Material provided:
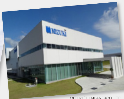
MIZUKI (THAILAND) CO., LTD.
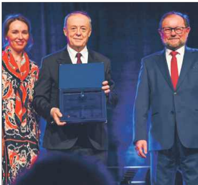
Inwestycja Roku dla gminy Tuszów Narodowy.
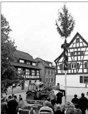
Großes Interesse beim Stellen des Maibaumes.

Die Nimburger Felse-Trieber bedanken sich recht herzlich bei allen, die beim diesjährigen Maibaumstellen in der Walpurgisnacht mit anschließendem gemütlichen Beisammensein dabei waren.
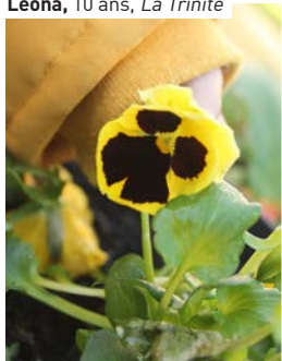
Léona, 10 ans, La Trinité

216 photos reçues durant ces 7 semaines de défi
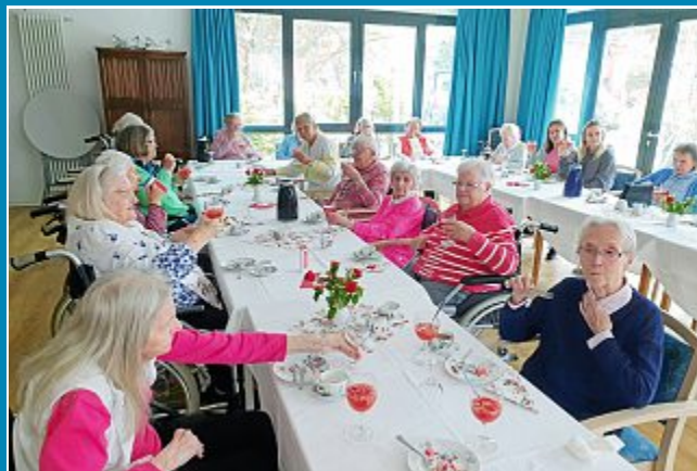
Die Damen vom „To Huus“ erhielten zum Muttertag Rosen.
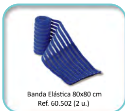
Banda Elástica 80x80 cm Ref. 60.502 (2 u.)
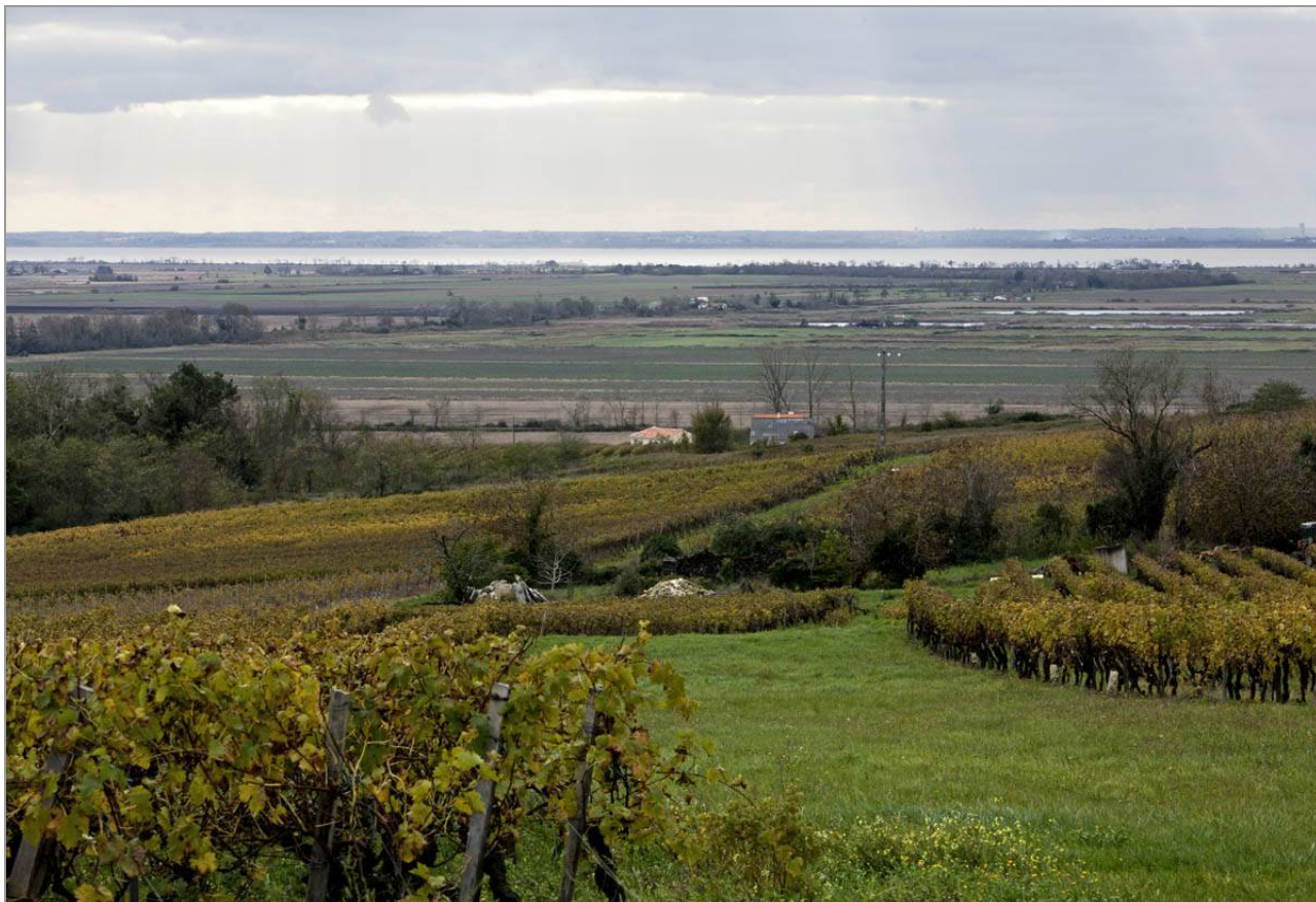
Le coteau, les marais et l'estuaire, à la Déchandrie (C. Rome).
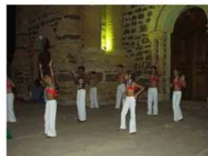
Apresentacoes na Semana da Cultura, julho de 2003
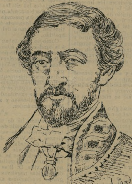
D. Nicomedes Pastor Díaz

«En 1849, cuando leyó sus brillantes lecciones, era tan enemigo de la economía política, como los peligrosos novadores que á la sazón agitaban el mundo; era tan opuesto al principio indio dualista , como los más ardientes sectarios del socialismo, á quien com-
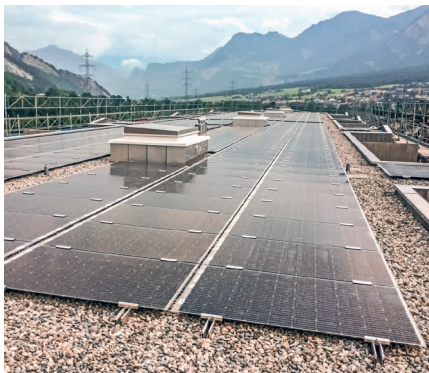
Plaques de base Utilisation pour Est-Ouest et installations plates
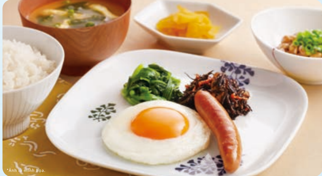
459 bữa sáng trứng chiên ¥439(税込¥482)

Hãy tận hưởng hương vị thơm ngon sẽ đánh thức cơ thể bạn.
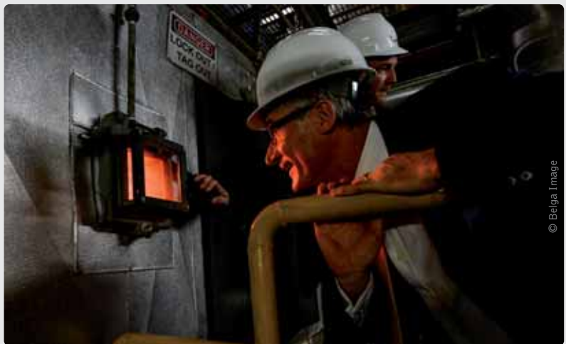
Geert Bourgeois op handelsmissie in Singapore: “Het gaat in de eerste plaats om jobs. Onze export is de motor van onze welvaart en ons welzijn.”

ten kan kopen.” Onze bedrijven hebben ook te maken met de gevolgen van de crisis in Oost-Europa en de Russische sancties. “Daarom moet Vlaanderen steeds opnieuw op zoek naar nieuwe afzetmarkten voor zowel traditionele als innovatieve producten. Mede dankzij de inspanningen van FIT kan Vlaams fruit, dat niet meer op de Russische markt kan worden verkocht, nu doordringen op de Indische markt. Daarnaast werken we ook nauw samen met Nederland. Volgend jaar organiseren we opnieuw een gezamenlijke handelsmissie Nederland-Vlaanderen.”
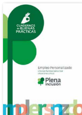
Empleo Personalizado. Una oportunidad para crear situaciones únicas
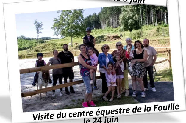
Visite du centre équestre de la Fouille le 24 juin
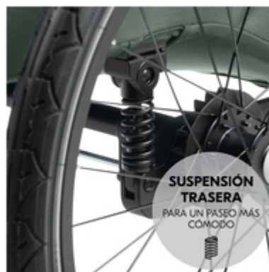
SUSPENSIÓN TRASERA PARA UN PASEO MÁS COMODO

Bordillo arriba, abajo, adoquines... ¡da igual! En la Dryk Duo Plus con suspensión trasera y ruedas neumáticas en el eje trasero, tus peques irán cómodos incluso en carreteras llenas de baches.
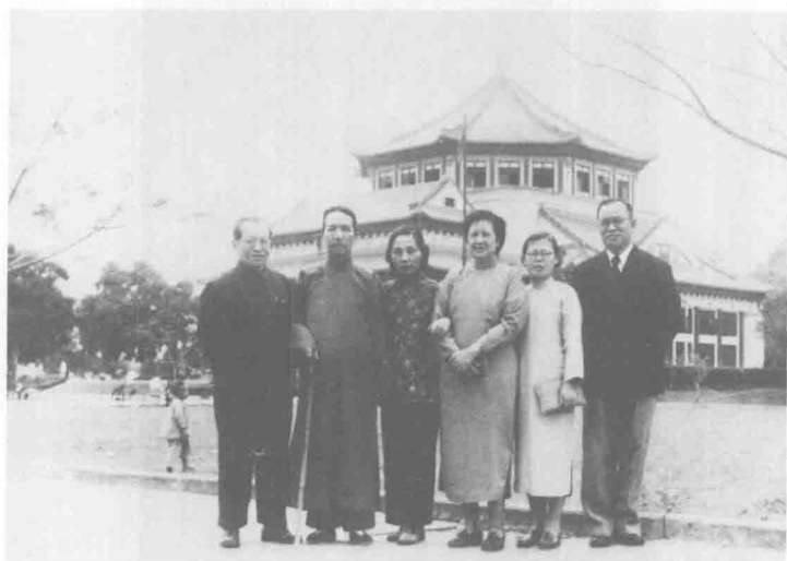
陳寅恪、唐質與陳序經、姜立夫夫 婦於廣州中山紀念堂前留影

To do: Go back to the line that contains "Bordillo arriba, abajo, adoquines..." and copy it, along with each line after it through the end of the listing above, exactly and without pictures.

Answer to the problem:
Bordillo arriba, abajo, adoquines... ¡da igual! En la Dryk Duo Plus con suspensión trasera y ruedas neumáticas en el eje trasero, tus peques irán cómodos incluso en carreteras llenas de baches.
陳寅恪、唐質與陳序經、姜立夫夫 婦於廣州中山紀念堂前留影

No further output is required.